Exercise
Starting at the first line of the data, print every line up to and including the one with "Canada, 5 dollars, George", but no pictures.

The data
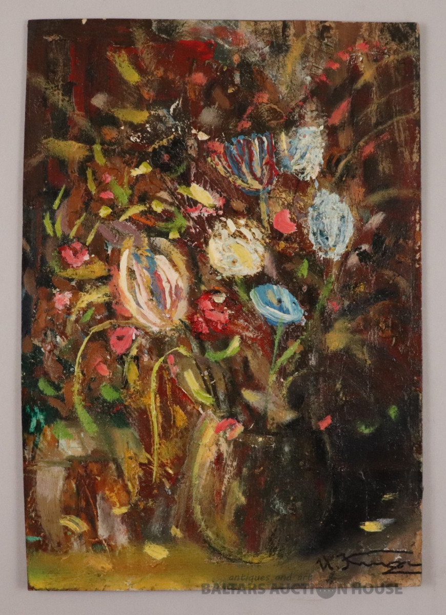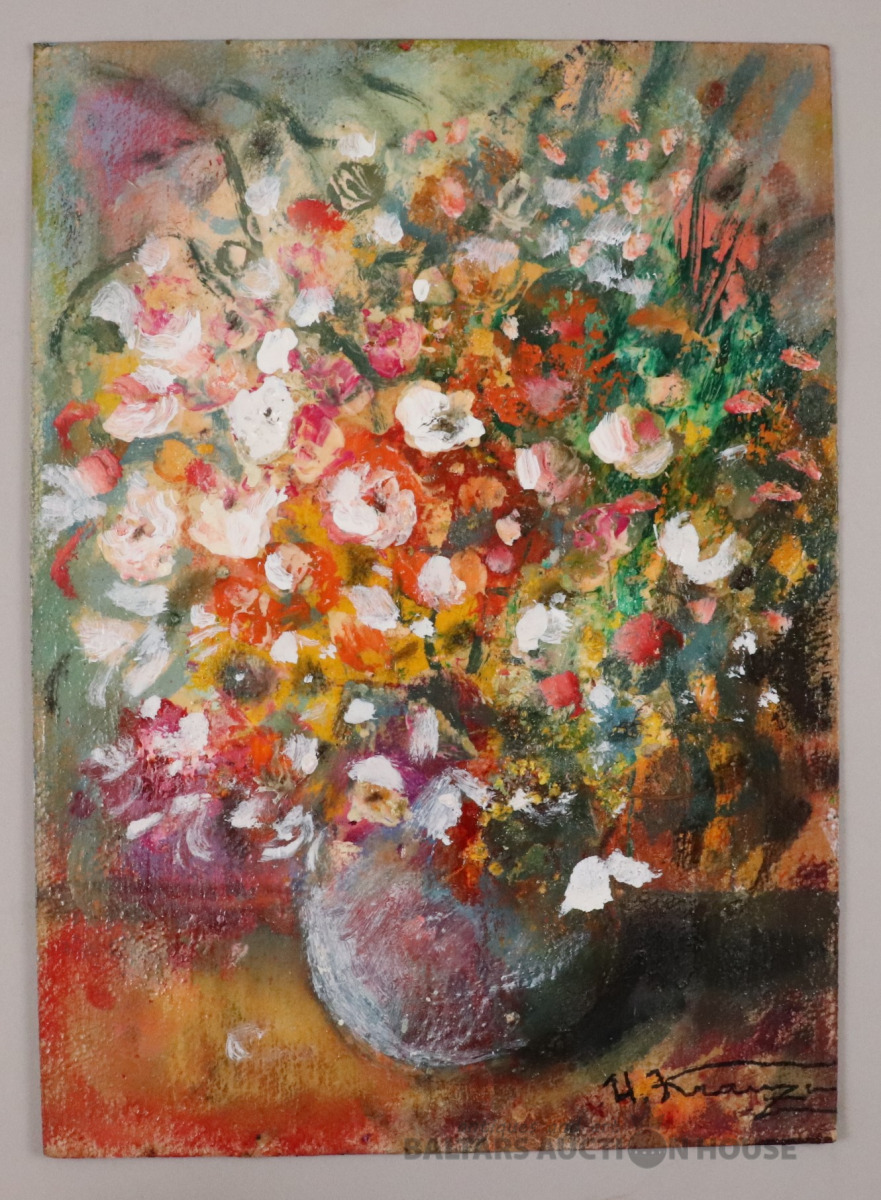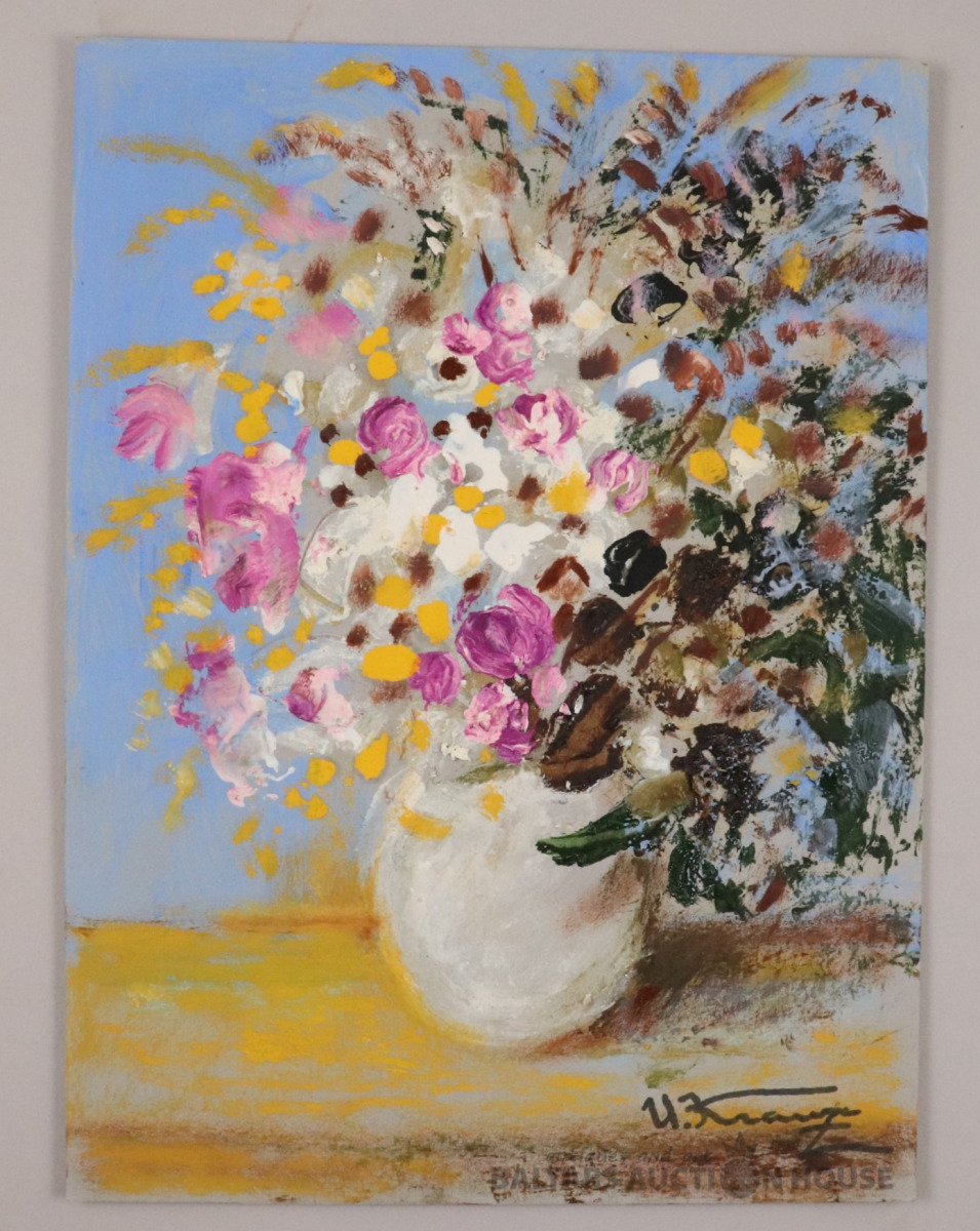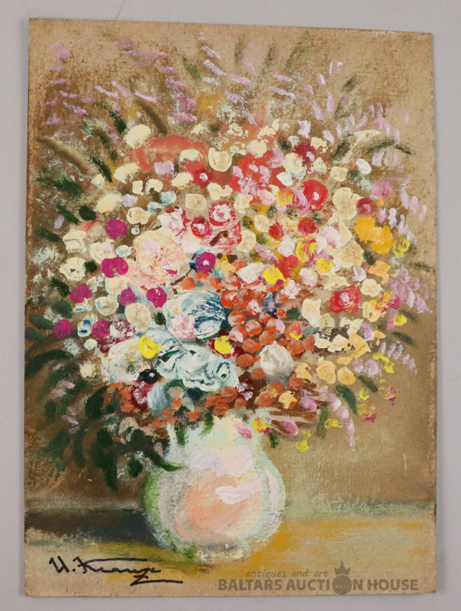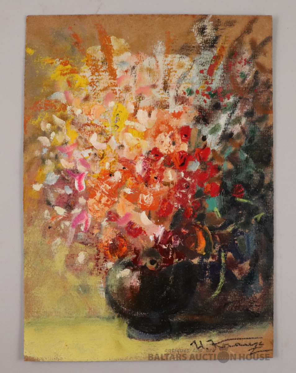 Uldis Krauze (1958). ZIEDI MARMORA VĀZĒ. Kartons, jaukta tehnika. 32x23 cm
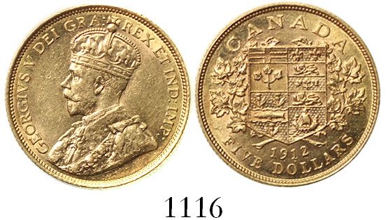 Canada, 5 dollars, George V, 1912. KM-26 8.37 grams. Lustrous and lightly red-toned Mint State with minor bagmarks.
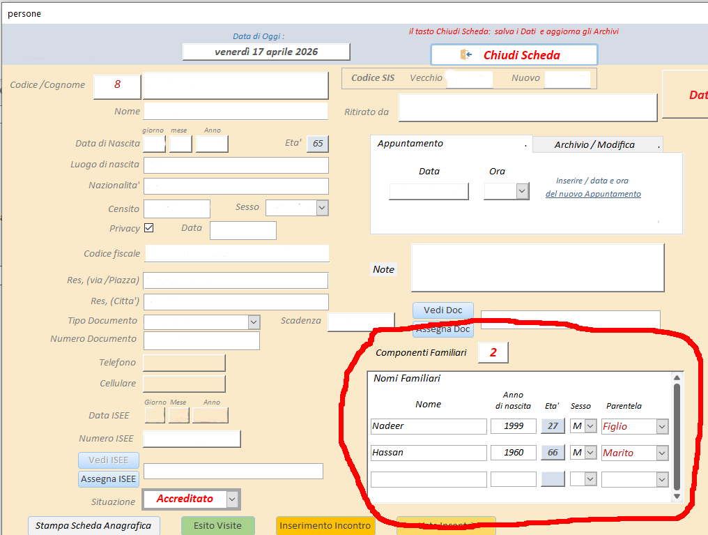 Su quello che hai fatto (e che hai mostrato) manca un tasto modifica seguito da conferma e annulla. Tu chiudendo applichi modifiche ma probabilmente l'utente sta vedendo la scheda dopo un doppio click su un form principale che mostra i record. Se disgraziatamente urto il mouse mi si modifica lo stato di famiglia.

Expected answer
 Uldis Krauze (1958). ZIEDI MARMORA VĀZĒ. Kartons, jaukta tehnika. 32x23 cm
 Canada, 5 dollars, George V, 1912. KM-26 8.37 grams. Lustrous and lightly red-toned Mint State with minor bagmarks.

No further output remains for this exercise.